As Thorrin sipped his wine next something took hold in the back of his mind. A fleeting touch for want of something better. It was Maren, but moreover it was the image of his daughter. The one that he named for everything he wanted, Hope. All at once it came flooding to him, the reason that he wanted to talk to Maren, everything. She reminded him of the daughter he rarely spoke to, the one he decided to let time take its course without his meddling. In that instance there was a connection, one that Thorrin allowed. Outwardly, he let nothing on, he sipped, and set his glass down before continuing on.
"Maren, this ship can take you home right now if it is something that you want. You are too right, everyone would do it, that is if they knew that this ship even existed. Which does bring us to the next salient point of this conversation. If you stay here you have two options. The first is to remain on this vessel as part of the crew with no contact to the rest of this universe. The second would be that you would be allowed to leave and seek your way in this universe.
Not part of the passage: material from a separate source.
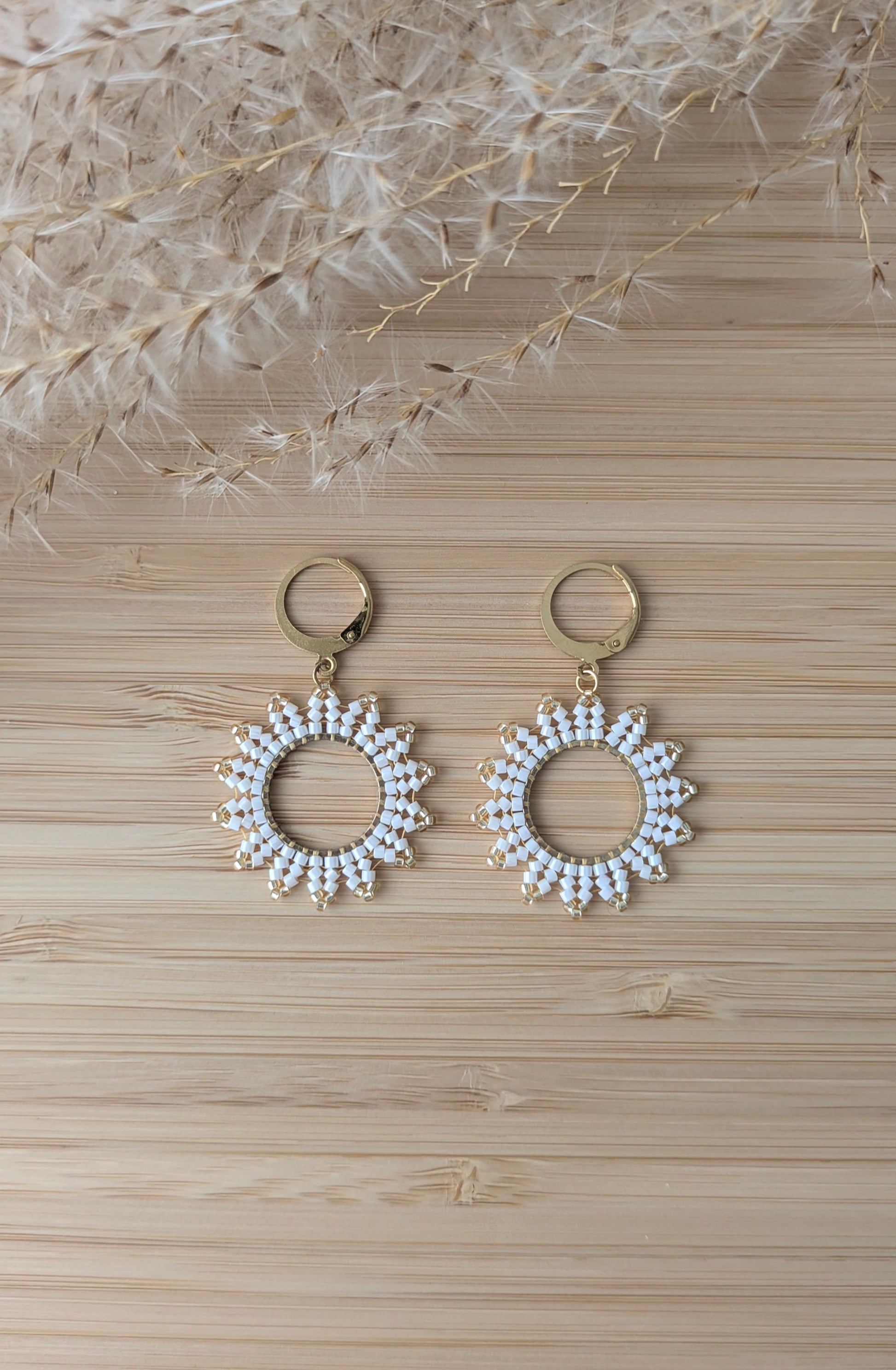 Illuminez votre quotidien avec ces délicates boucles d'oreilles pendantes, réalisées entièrement à la main avec soin et passion. Inspirées par la douceur du soleil, elles apporteront une touche de lumière et d'élégance à toutes vos tenues.

However, you would not be able to speak of us or this vessel. In fact, if need be we can delete your memories of this vessel. This is something that I do not want to do." Thorrin leaned forward and stroked his chin thoughtfully. "As to the logs. As of this moment anything that is not classified is clear for your viewing." He paused long enough to tap a few commands into the console on his desk. "I can give you a day to mull it over and let us know your decision. For the time being Commander Sandoval here can escort you to quarters where you can get cleaned up have a warm meal and some privacy. You are no prisoner here, so feel free to move about the ship."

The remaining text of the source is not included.